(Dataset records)
..........
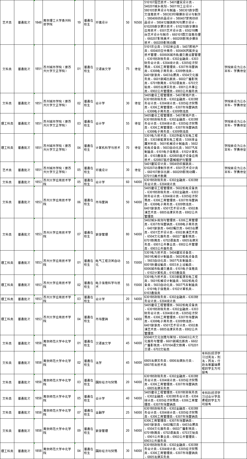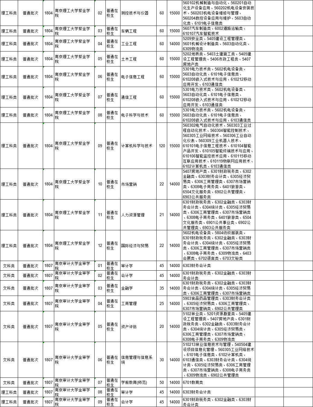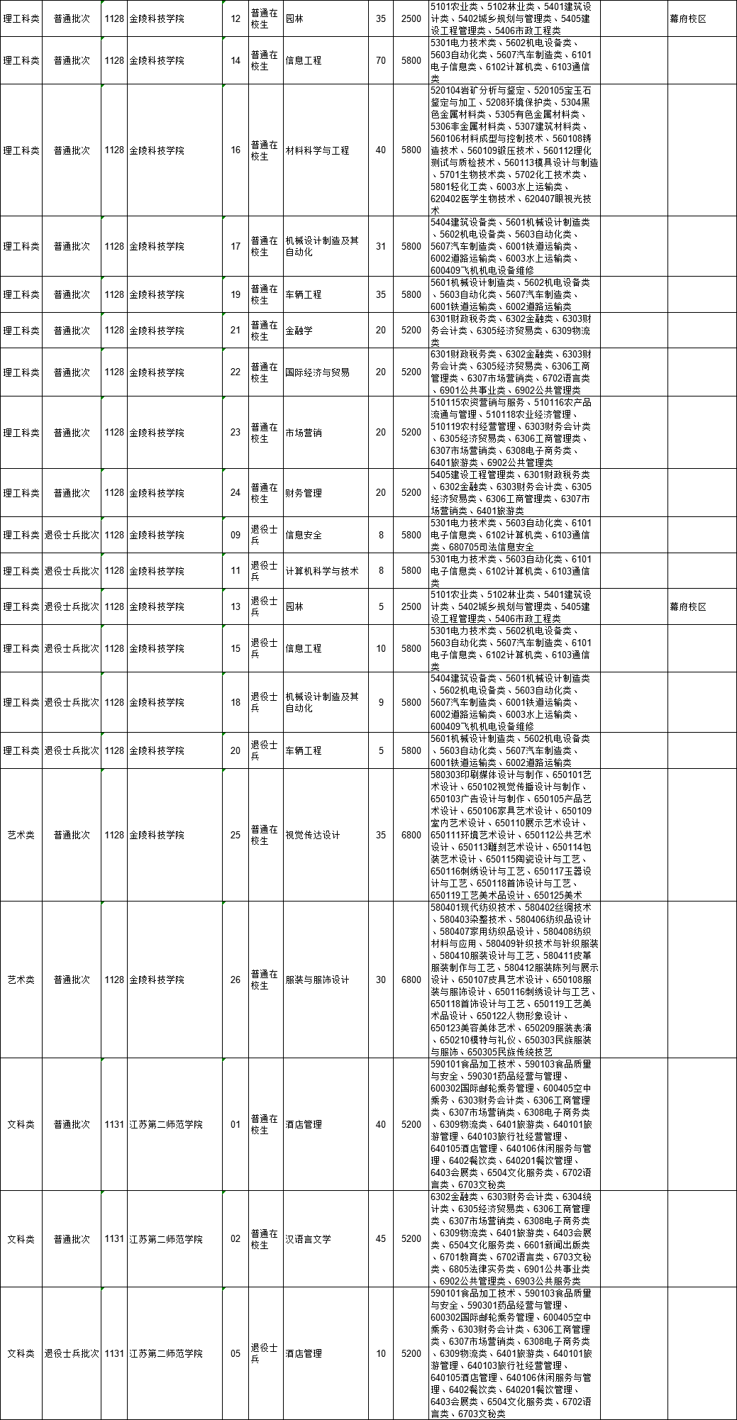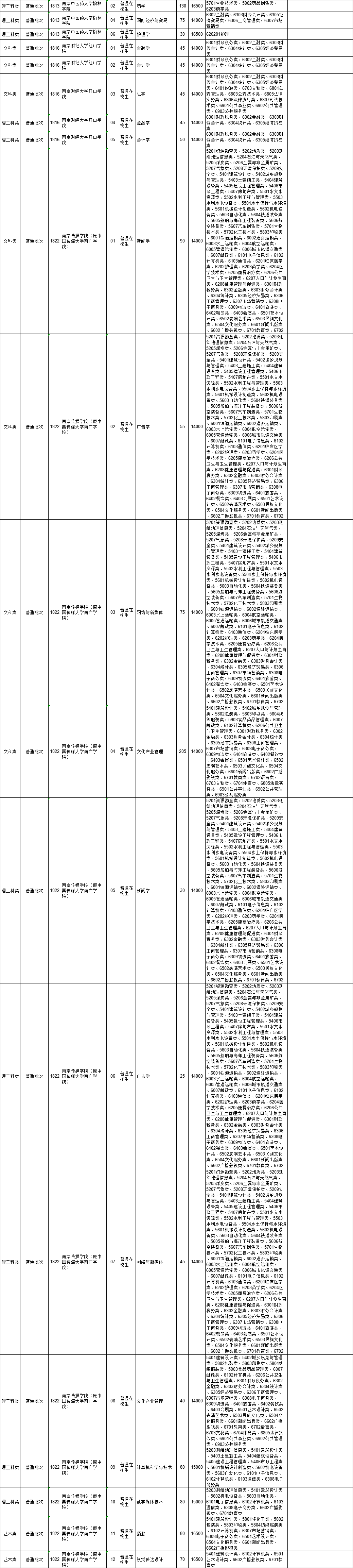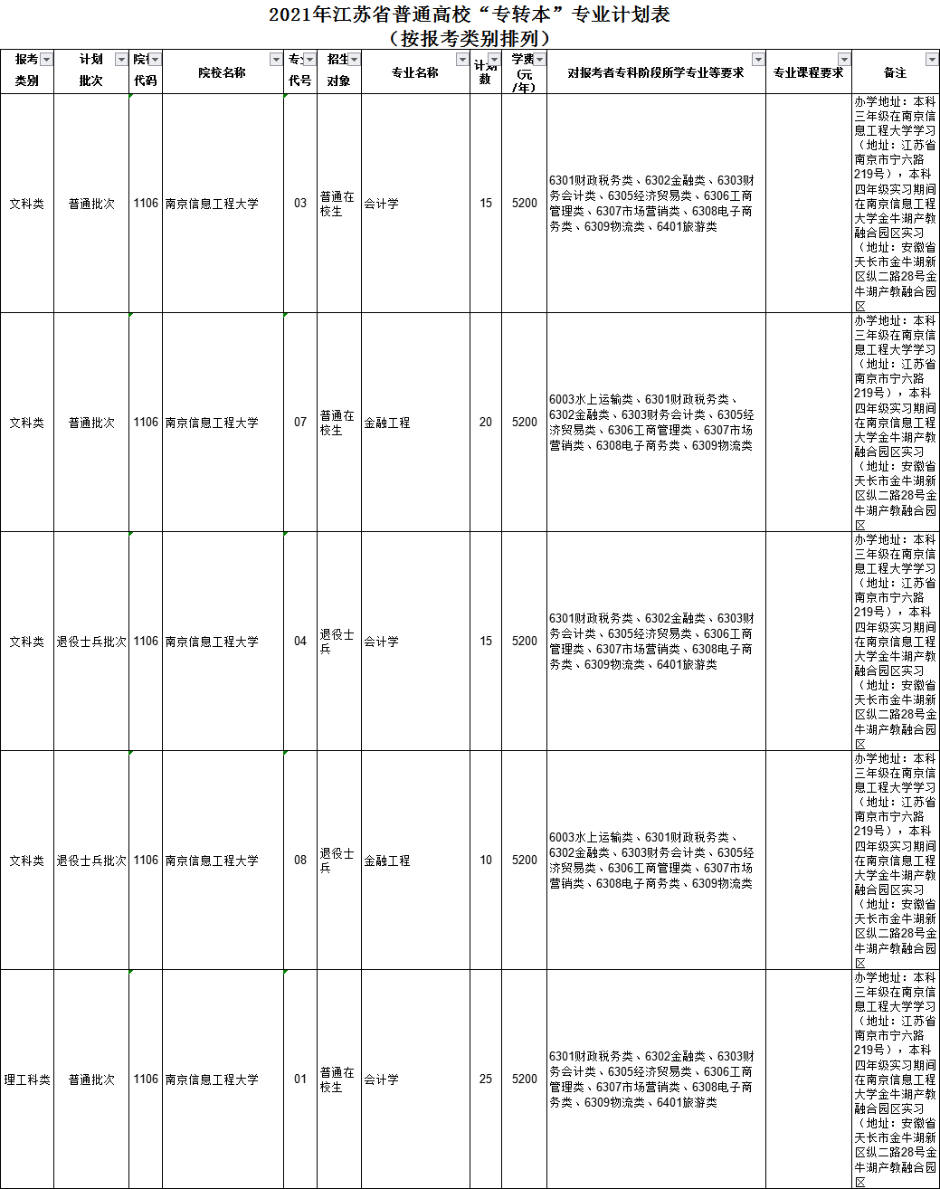 2021年江苏省普通高校“专转本”专业计划表(按报考类别排列)
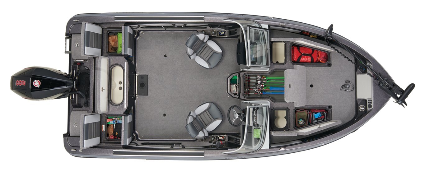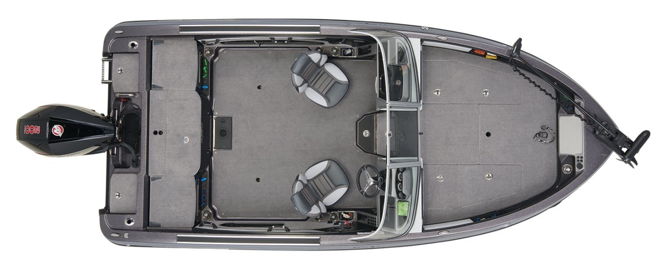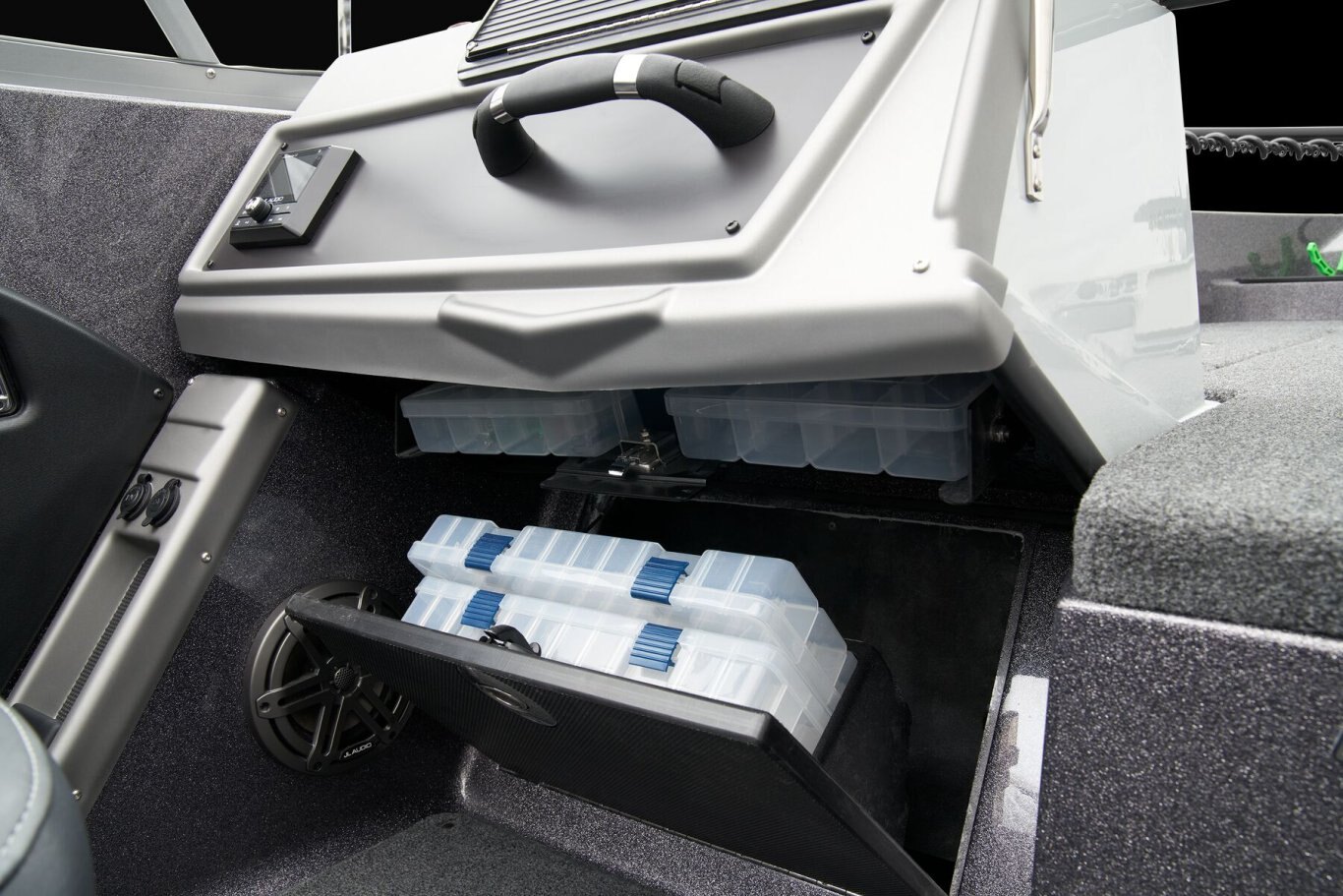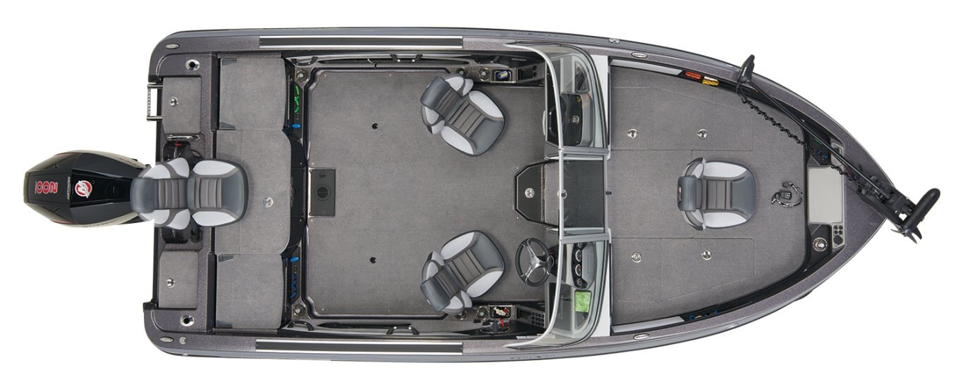 Inside you’ll find a wide-open cockpit that can be perfectly tailored to be a hardcore fishing machine or a smooth, easy-riding family fun vessel ready for tubing, skiing, and the like. A full complement of gear of any stripe conceals within the 1880’s clever storages from bow to stern. Integrated tool and drink holders, hand-built seats, stainless-steel cleats, and hardware add class and convenience to this capable performer.
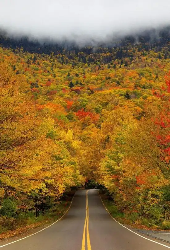 Туннель осенних деревьев в «Ущелье контрабандистов». Вермонтский парк, США
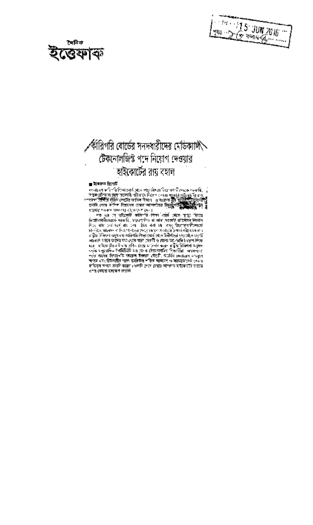 কারিগরি বোর্ডের সনদধারীদের মেডিক্যাল টেকনোলজিস্ট পদে নিয়োগ দেওয়ার হাইকোর্টের রায় বহাল
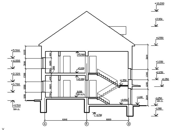 Направление секущей плоскости на разрезе указано на плане 1-го этажа. На самом разрезе делается надпись: РАЗРЕЗ 1-1 или РАЗРЕЗ А-А. При выполнении разреза секущую плоскость не проводят по колоннам, вдоль стен, перегородок, балок покрытий и перекрытий.
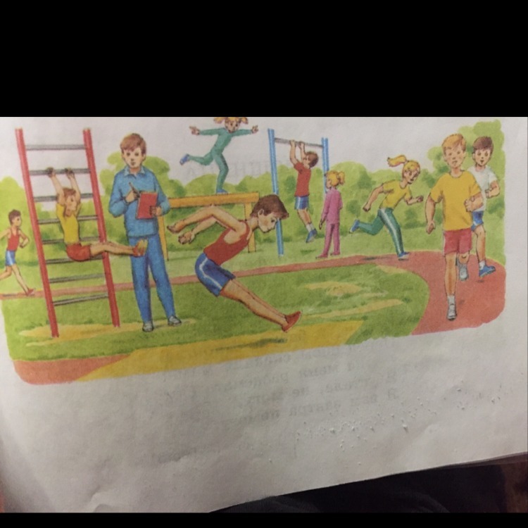 Тренер стоит по середине школьного стадиона и держит блокнот, в который он записывает результат учеников. В глаза бросается мальчик, который прыгает в длину. Рядом с тренером подтягивается девочка. Сзади тренера ещё одна девочка, но уже тренирует своё равновесие. Рядом с ней, мальчик, который подтягивается на турнике, а рядом смотрит девочка. Бегают мальчики и девочка. Вот такие вот весёлые соревнования.
..........
DIRECTIONS FOR THIS TASK
Reproduce exactly and only the lines from the one with "Inside you’ll find" through the last entry, both included, excluding every picture.

ANSWER AREA
 Inside you’ll find a wide-open cockpit that can be perfectly tailored to be a hardcore fishing machine or a smooth, easy-riding family fun vessel ready for tubing, skiing, and the like. A full complement of gear of any stripe conceals within the 1880’s clever storages from bow to stern. Integrated tool and drink holders, hand-built seats, stainless-steel cleats, and hardware add class and convenience to this capable performer.
 Туннель осенних деревьев в «Ущелье контрабандистов». Вермонтский парк, США
 কারিগরি বোর্ডের সনদধারীদের মেডিক্যাল টেকনোলজিস্ট পদে নিয়োগ দেওয়ার হাইকোর্টের রায় বহাল
 Направление секущей плоскости на разрезе указано на плане 1-го этажа. На самом разрезе делается надпись: РАЗРЕЗ 1-1 или РАЗРЕЗ А-А. При выполнении разреза секущую плоскость не проводят по колоннам, вдоль стен, перегородок, балок покрытий и перекрытий.
 Тренер стоит по середине школьного стадиона и держит блокнот, в который он записывает результат учеников. В глаза бросается мальчик, который прыгает в длину. Рядом с тренером подтягивается девочка. Сзади тренера ещё одна девочка, но уже тренирует своё равновесие. Рядом с ней, мальчик, который подтягивается на турнике, а рядом смотрит девочка. Бегают мальчики и девочка. Вот такие вот весёлые соревнования.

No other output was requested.